(Dataset items)
....
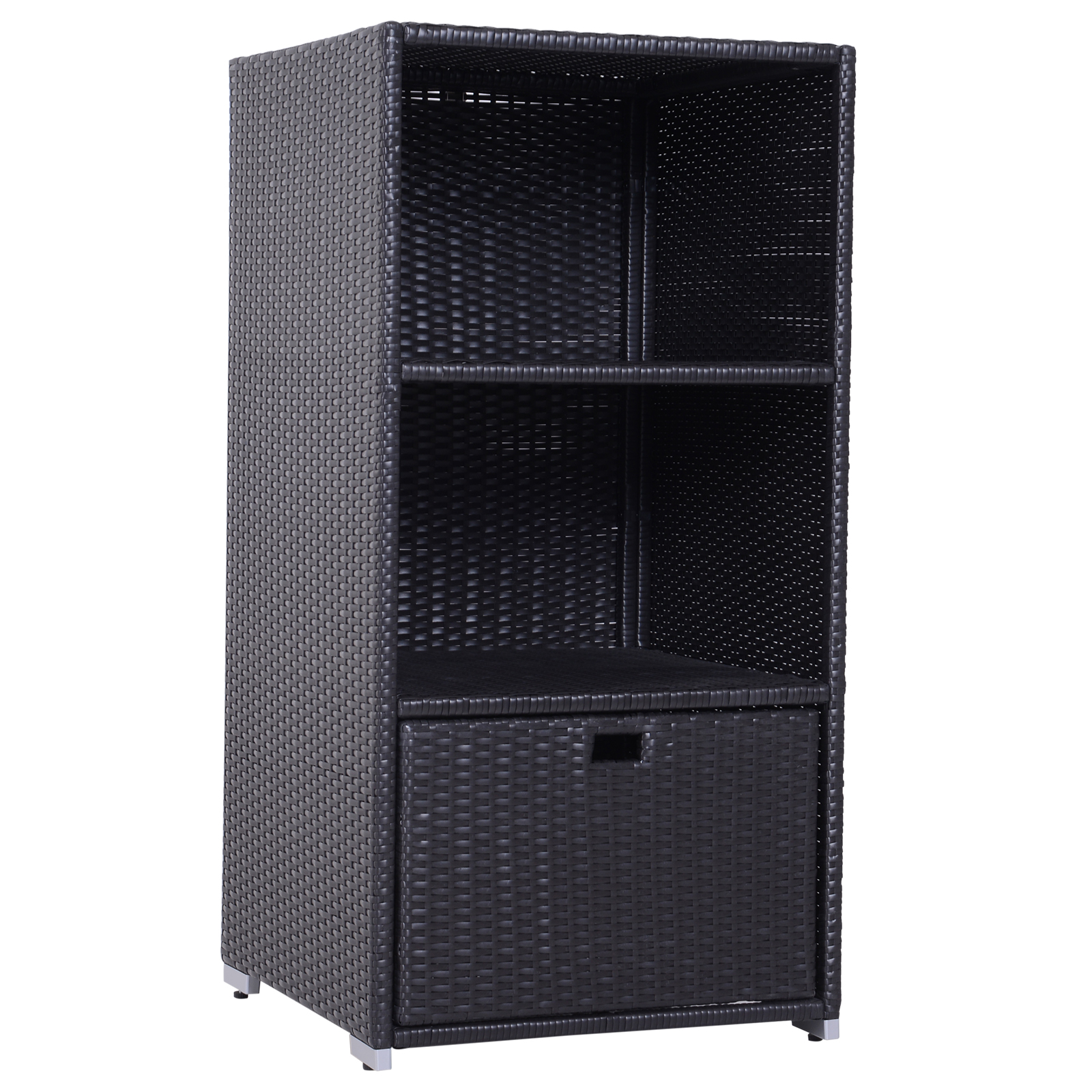 Keep your towels and pool accessories always close by with the convenient [BRAND NAME] 47'Rattan Wicker Outdoor Pool Towel Valet Stand. Constructed from durable aluminum and all-weather PE rattan wicker this handy towel storage cabinet features 2 upper shelves and a large bottom drawer for additional storage options. Add one to your pool or spa deck and impart the look and feel of a resort or private club to your own backyard!
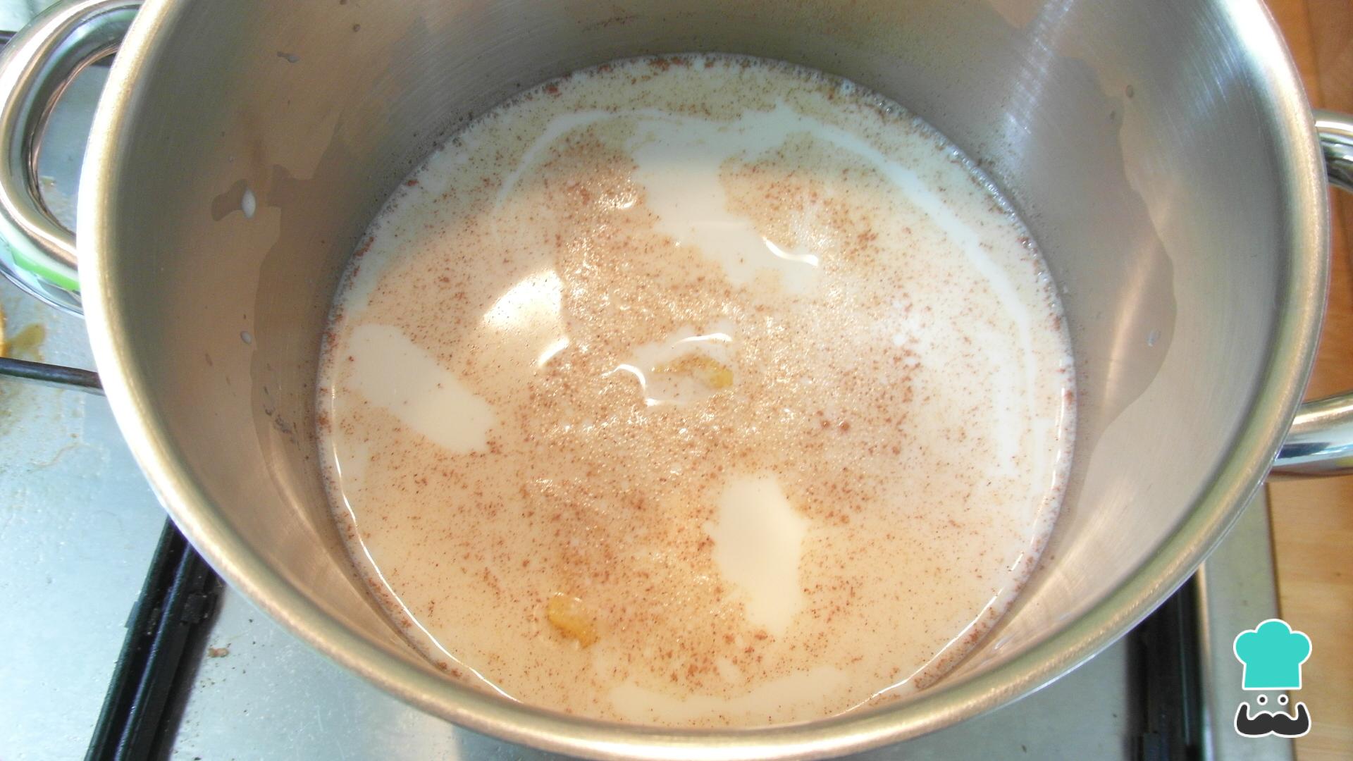 Leve ao fogo médio uma panela larga com 2/3 do leite, o açúcar, uma raspa de limão e o pau de canela ou canela em pó a gosto.
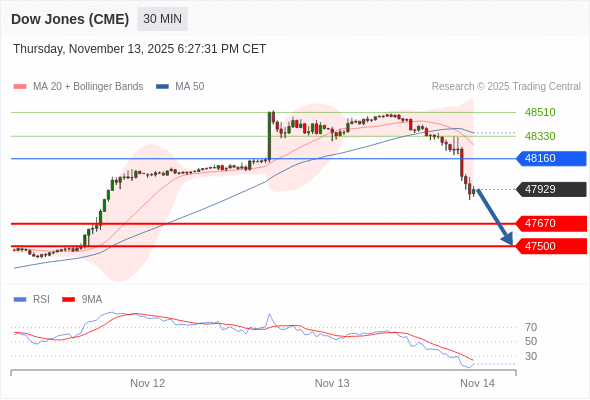 在 48160 之下,看跌,目标价位为 47670 ,然后为 47500 。
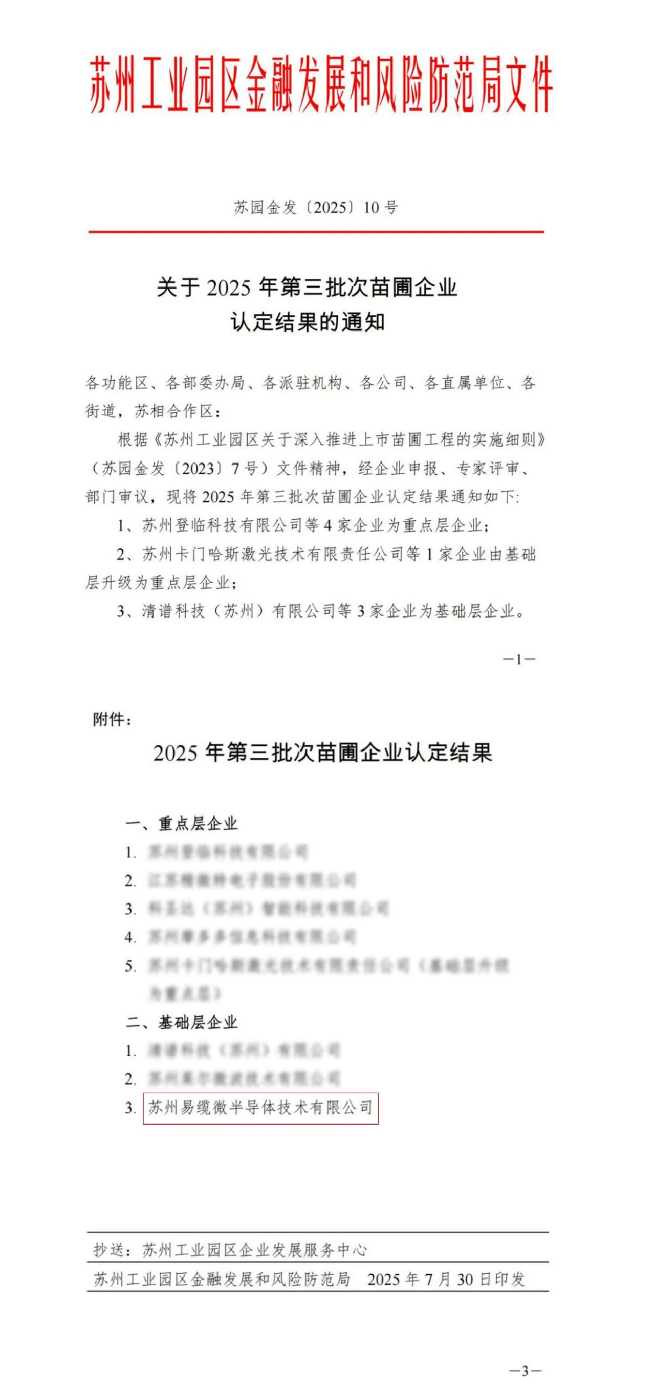 易纜微成功認(rèn)定2025年第三批次蘇州工業(yè)園區(qū)苗圃企業(yè),納入園區(qū)重點(diǎn)培育體系
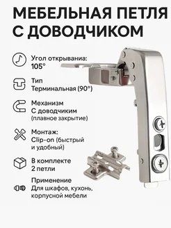 Петля мебельная терминальная с доводчиком 90° фурнитура
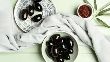 Banner with olives on a white plate. Still life with a towel on a gray table, space for text
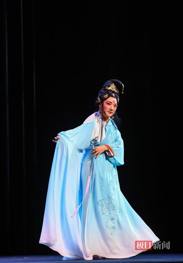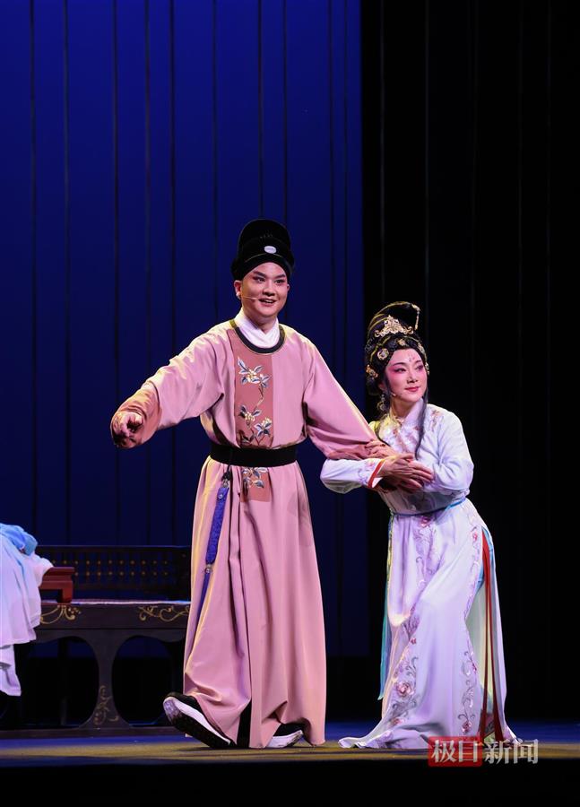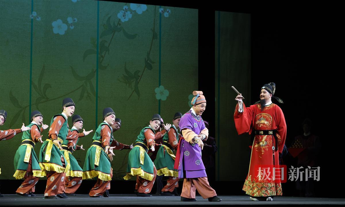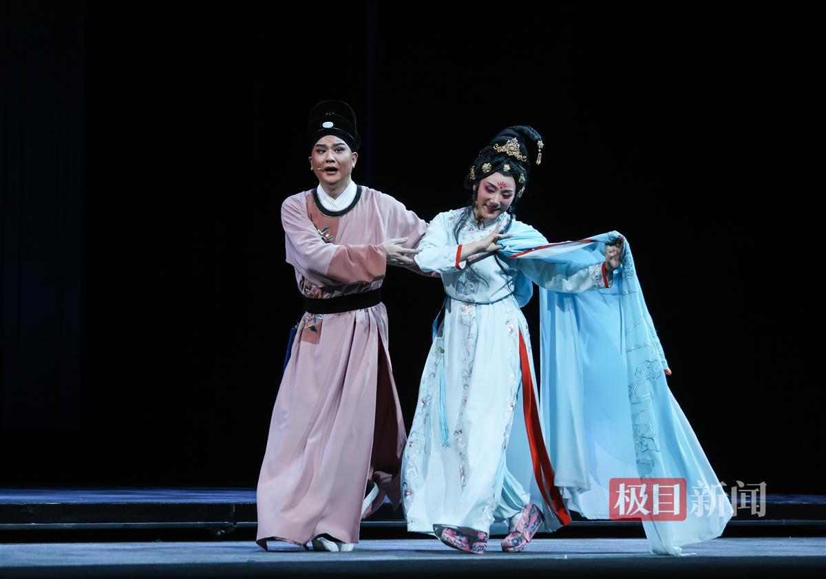 当“乡野的风”与诗意人文气质相遇,黄梅戏的舞台会诞生怎样的新鲜体验?15日晚,由湖北省戏曲艺术剧院创作排演、国家艺术基金2023年度大型舞台剧和作品创作资助项目——黄梅戏《舞衣裳》登陆湖北戏曲艺术中心首义剧场首演,极目新闻记者注意到,该剧不仅在唱词里融入了诗词,唱腔里也融入了《春江花月夜》的旋律。
....
The problem: Please retype exactly the lines from the line containing "在 48160 之下,看跌,目标价位为 47670 ,然后为 47500 。" through the final line of the records above, inclusive, leaving out any pictures.

Written answer:
 在 48160 之下,看跌,目标价位为 47670 ,然后为 47500 。
 易纜微成功認(rèn)定2025年第三批次蘇州工業(yè)園區(qū)苗圃企業(yè),納入園區(qū)重點(diǎn)培育體系
 Петля мебельная терминальная с доводчиком 90° фурнитура
 Banner with olives on a white plate. Still life with a towel on a gray table, space for text
 当“乡野的风”与诗意人文气质相遇,黄梅戏的舞台会诞生怎样的新鲜体验?15日晚,由湖北省戏曲艺术剧院创作排演、国家艺术基金2023年度大型舞台剧和作品创作资助项目——黄梅戏《舞衣裳》登陆湖北戏曲艺术中心首义剧场首演,极目新闻记者注意到,该剧不仅在唱词里融入了诗词,唱腔里也融入了《春江花月夜》的旋律。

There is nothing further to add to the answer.